**Problem to work on**
The response should consist of the data below, copied exactly, with no pictures in it.

**Information provided**
-- Opening Marker --

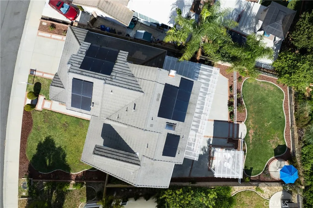 **VIEW HOME** Wonderful 5-bedroom, 3-bath home located on a quiet cul-de-sac in the highly desirable Walnut Valley Unified School District. Conveniently situated near Ronald Reagan Park with easy access to the California State Route 57 and California State Route 60. Double-door entry opens to a bright foyer with formal living and dining rooms featuring vaulted ceilings and large windows. Family room with fireplace opens to kitchen and dining area. Remodeled kitchen includes updated countertops, a Blanco sink, soft-close cabinetry, a GE Caf gas range/oven and microwave, and a newer Whirlpool dishwasher. Large garden window overlooks the backyard. The main floor includes one bedroom, one full bath, and an indoor laundry room. Upstairs features a primary suite with views of the San Gabriel Mountains, plus three additional bedrooms and two bathrooms. The primary bathroom has been remodeled with a walk-in shower and linen storage. Upgrades include Solar panels (Sunrun), PEX repiping, newer windows, updated flooring, a newer HVAC system, a soft water system, and a reverse osmosis. Spacious backyard with covered patio, gazebo, planters, and mountain views - ideal for entertaining. 2-car attached garage with potential for additional workspace or office conversion. Close to schools, shopping, and dining.
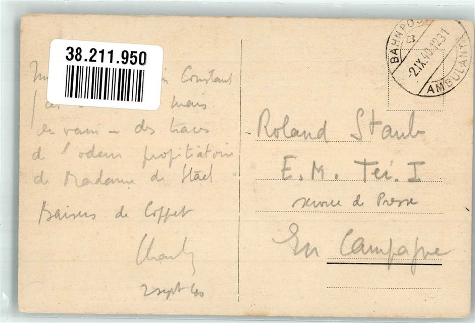 Coppet, Schloss Le Petit Salon Bahnpost Zug 1231
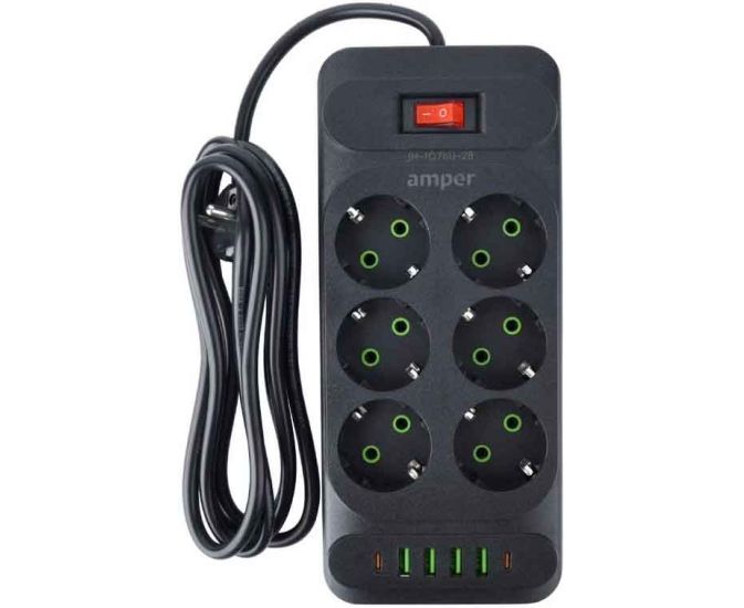 Сетевой удлинитель Amper JH-1076U-2B 2,0м, 6 розеток черный

-- Closing Marker --

**Your response**
 **VIEW HOME** Wonderful 5-bedroom, 3-bath home located on a quiet cul-de-sac in the highly desirable Walnut Valley Unified School District. Conveniently situated near Ronald Reagan Park with easy access to the California State Route 57 and California State Route 60. Double-door entry opens to a bright foyer with formal living and dining rooms featuring vaulted ceilings and large windows. Family room with fireplace opens to kitchen and dining area. Remodeled kitchen includes updated countertops, a Blanco sink, soft-close cabinetry, a GE Caf gas range/oven and microwave, and a newer Whirlpool dishwasher. Large garden window overlooks the backyard. The main floor includes one bedroom, one full bath, and an indoor laundry room. Upstairs features a primary suite with views of the San Gabriel Mountains, plus three additional bedrooms and two bathrooms. The primary bathroom has been remodeled with a walk-in shower and linen storage. Upgrades include Solar panels (Sunrun), PEX repiping, newer windows, updated flooring, a newer HVAC system, a soft water system, and a reverse osmosis. Spacious backyard with covered patio, gazebo, planters, and mountain views - ideal for entertaining. 2-car attached garage with potential for additional workspace or office conversion. Close to schools, shopping, and dining.
 Coppet, Schloss Le Petit Salon Bahnpost Zug 1231
 Сетевой удлинитель Amper JH-1076U-2B 2,0м, 6 розеток черный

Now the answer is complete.